# uitspraak: -e n'm, -e n't



## Syzygy

Hallo,

sorry voor die cryptische titel, maar ik kon geen betere bedenken. Ik heb een paar keer opgemerkt dat in de spreektaal na een onbeklemtoonde -_e_ de woorden '_m_ (van _hem_) en '_t_ (van _het_) als _n'm_ en _n't_ werden uitgesproken.
Bijvoorbeeld:
_En als men thuis vroeg hoe dat kwam verklikte je n'm niet_.
_Ik hoorde n'm de eerste keer._
Wordt dat als slechte stijl beschouwd? Of zouden jullie aan die uitspraak misschien zelfs de voorkeur geven? Of heb ik me die _n_ alleen maar ingebeeld?

Bedankt, allemaal!


----------



## Kworb

Dat heb je je niet ingebeeld, n'm en n't komen wel degelijk voor, en inderdaad alleen als het woord ervoor eindigt op een e. Het kan ook gewoon zonder, dan wordt het zo'n beetje verbonden aan het vorige woord, zoals: Heb je'm al gehoord?

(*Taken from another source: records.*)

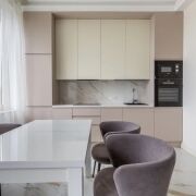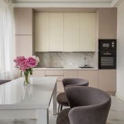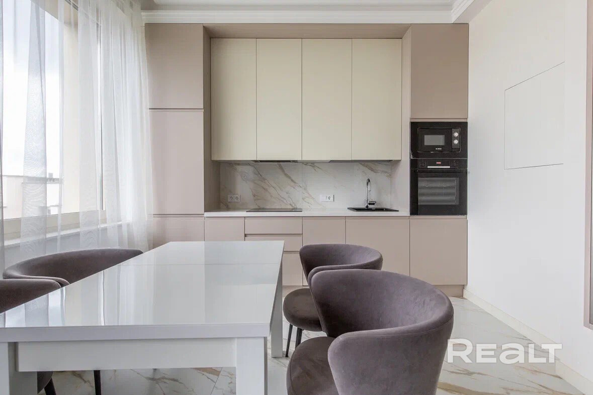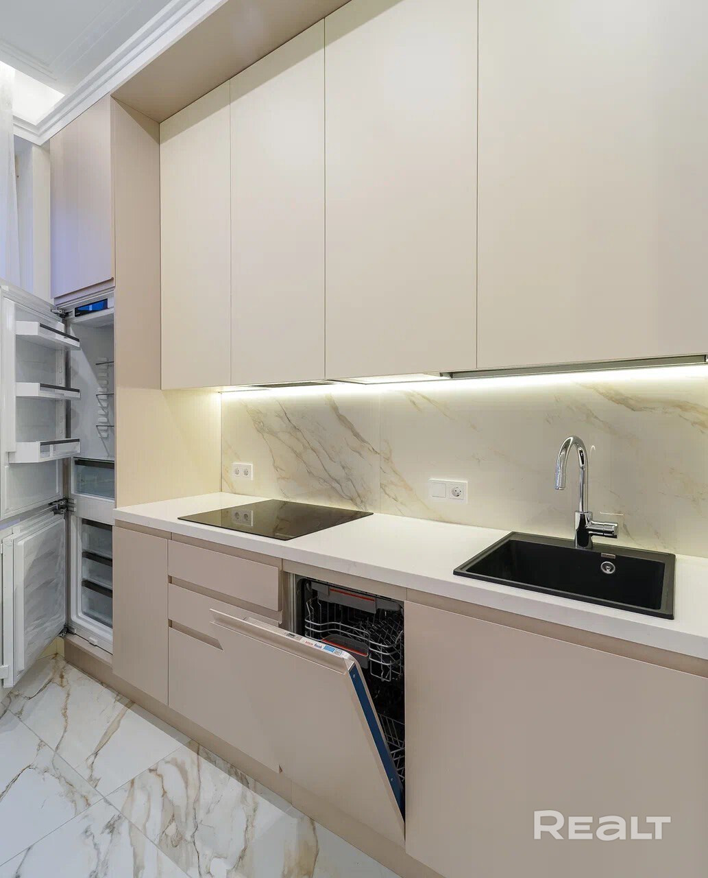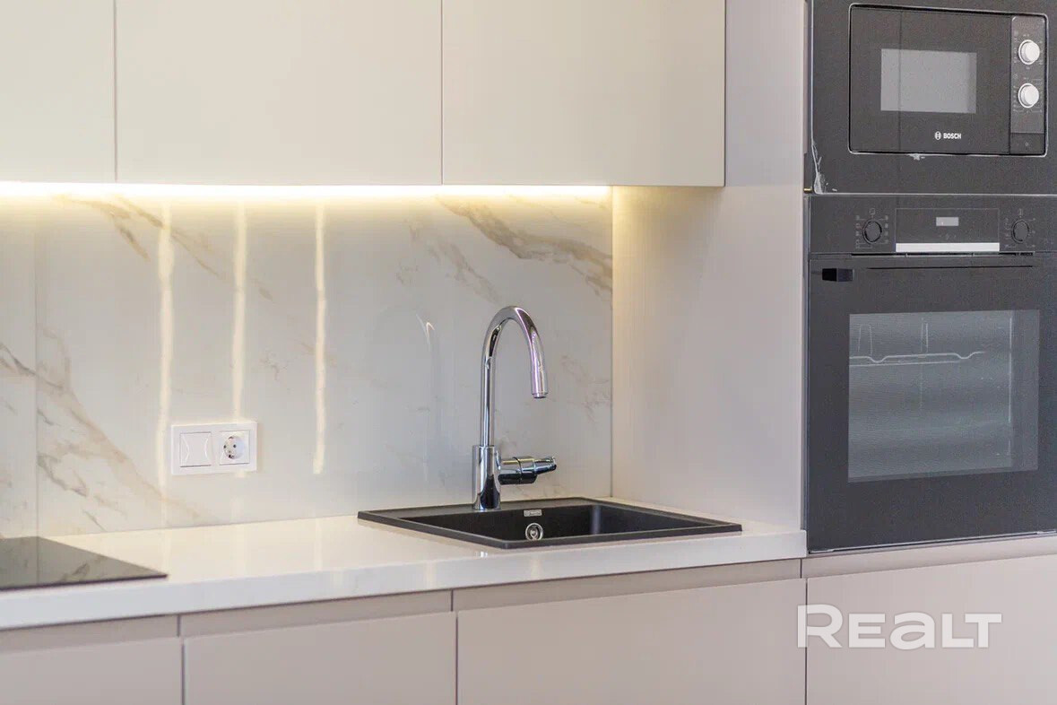 Кухня-гостиная: площадью 27 м2. Пространство визуально разделено на зону кухни и гостиной, большое количество света. Во всю стену установлен шкаф-витрина с подсветкой, каменная столешница, установлена вся необходимая мебель и техника. Микроволновая печь, духовой шкаф, индукционная панель и посудомоечная машина марки Bosh, вытяжка Elica, холодильник Liebherr. Вся техника привезена из Европы.
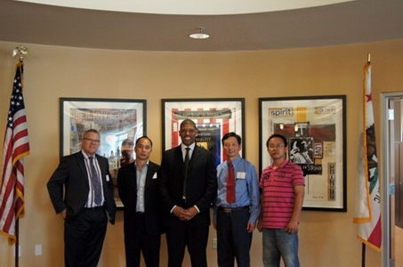 代表团与Fred 副校长合影 访问期间,代表团还受到了加州首府萨克门托市市长凯文·约翰逊(Kevin Johnson)先生的亲切接见。
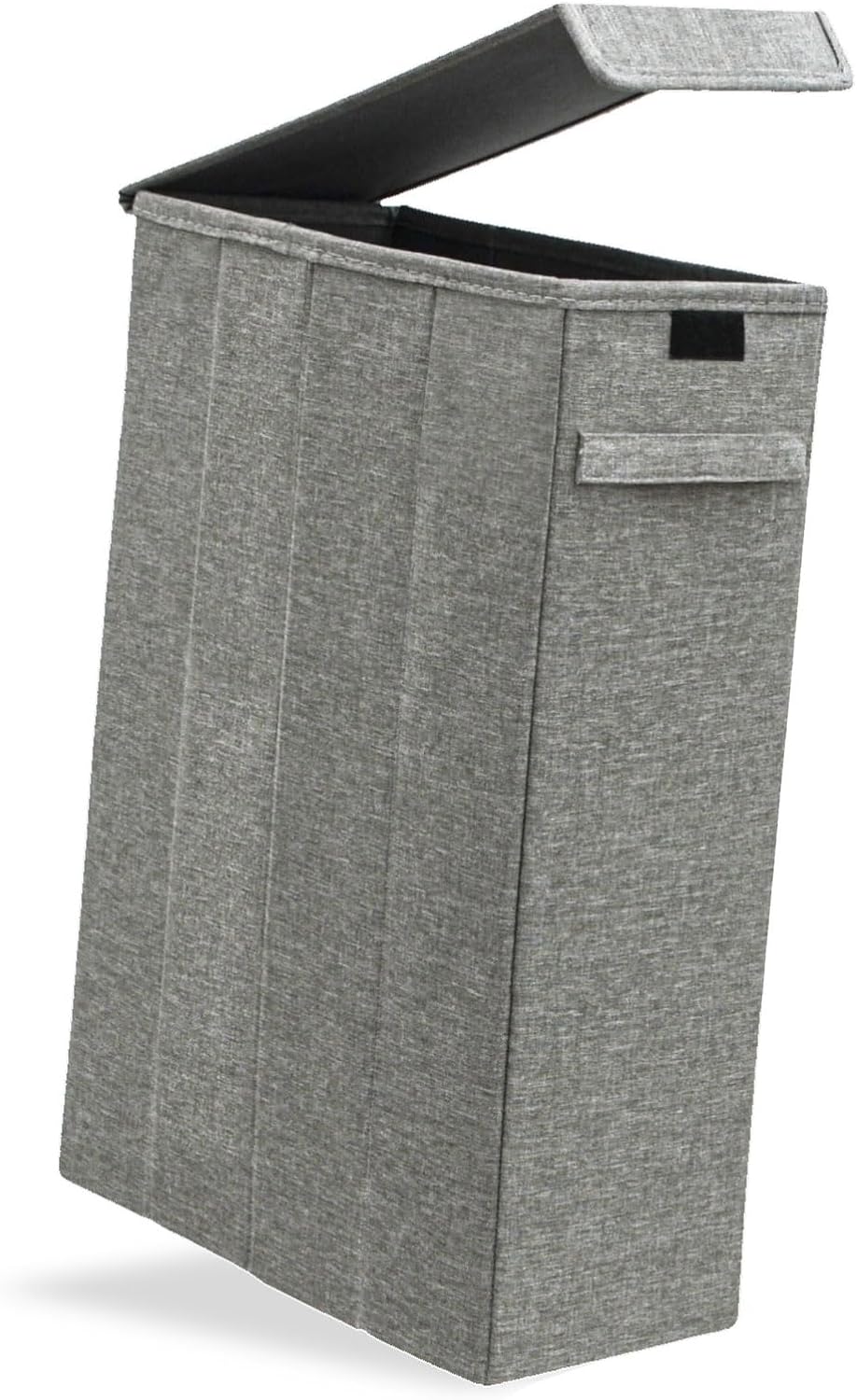 DuneDesign 20 cm Schmaler Wäschekorb mit Deckel - 50L Stabiler Holzrahmen - 20x40x60 Wäschesammler S
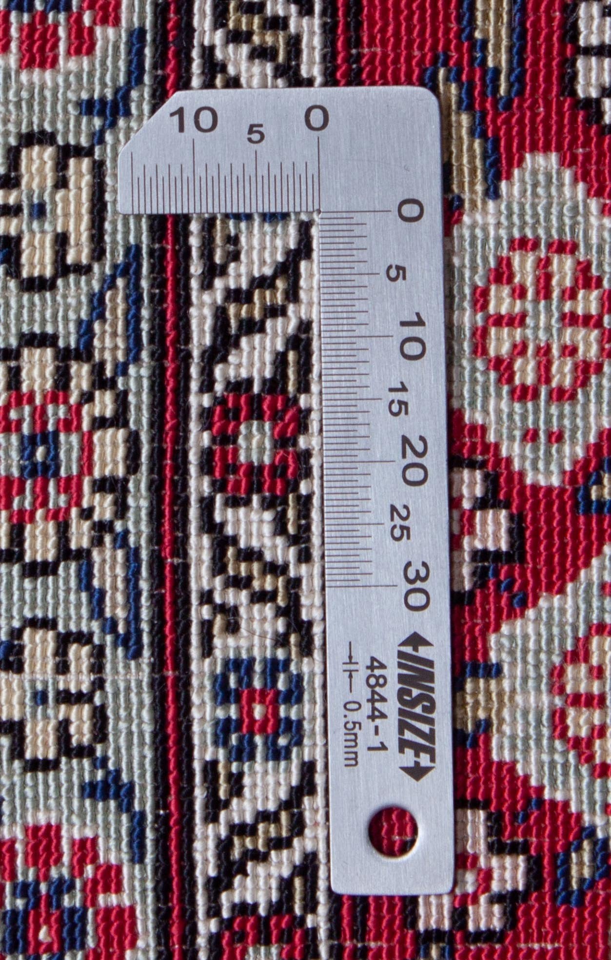 The Silk la Flore de ce Hereke laisse briller les couleurs du motif dans différentes nuances, selon la lumière. Il fait de cet ici un véritable accent et crée une atmosphère confortable et en même temps très élégante et de haute qualité dans la pièce. La soie est obtenue à la main des cocons de l'araignée de soie. Comme les fils de soie individuels sont extrêmement longs, des fils très fins peuvent être produits qui sont néanmoins résistants à la déchirure avec un faible poids. Des nœuds de tapis plus petits peuvent être fabriqués avec le fil mince et ainsi des motifs plus fin peuvent être produits. Par conséquent, les plus beaux tapis du monde sont faits à la main de la pure soie. Dans ce Hereke même le souterrain était pure soie fait. En raison du matériau mince mais durable des fils de trame et de chaîne, un bouton particulièrement fin et donc un motif particulièrement fin est possible.
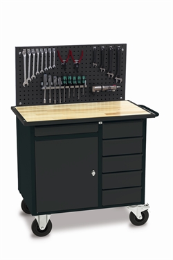 Værkstedsvogn VV-2 med bøgeparket bordplade og hjul (2 faste og 2 drejelige med bremse). Leveres med 5 smalle og 1 bred skuffe samt skabssektion med 1 flytbar galvaniseret hylde, samt værktøjstavle, monteringsbeslag til værktøjstavle og krogsæt OS96.

Beide manieren van 'm en 't zijn even informeel en prima te gebruiken in de spreektaal.


----------



## Couch Tomato

Vaak zeg ik de "h" in "hem" en de "h" in "het" niet eens in de spreektaal en ik spreek zeker niet plat.


----------



## Lopes

In snel gesproken taal kan je die -n ook wel eens hebben bij andere woorden die niet met -h beginnen. Bijvoorbeeld: _Toen hoorde-n-ik 'm voor het eerst. 
_Maar ik durf niet te zeggen of dit ook voor de anderen geldt  Ben benieuwd


----------



## Kworb

Denk dat je gelijk hebt. Waar andere talen de eerste klinker inslikken, plakken wij er soms een n tussen. Maar ik kan eigenlijk niet meer voorbeelden bedenken dan de -e 'm/'t/ik die al zijn genoemd.


----------



## Syzygy

Ah, nu ik weet dat het ook vóór _ik_ kan gebeuren, schiet me nog "_Wat zie-n-ik?_" te binnen. Maar dat hoorde ik toen in een liedje, dus wist ik niet of het in dat geval niet toch dichterlijke vrijheid of misschien ouderwets taalgebruik was.


----------



## Lopes

Interessante opmerking, want ik zou dingen als 'wat zien ik' en 'doen ik' niet zien als tussen -n maar meer als vorm van het werkwoord.


----------



## Joannes

Lopes said:


> Interessante opmerking, want ik zou dingen als 'wat zien ik' en 'doen ik' niet zien als tussen -n maar meer als vorm van het werkwoord.


Dat is het ook, volgens mij. In enkele (wellicht vooral Vlaamse) dialecten heeft de eerste persoon enkelvoud van bepaalde werkwoorden een n als uitgang: ik gaan, ik zien, ik zen (=ik ben).
Ik denk niet dat er mensen zijn die zeggen "Wat zie-n-ik nu?" die niet eveneens zeggen "Ik gaan vanavond eens vroeg naar huis".

De andere voorbeelden zijn inderdaad voorbeelden van de n als "linking consonant". Soms wordt g ook zo gebruikt.


----------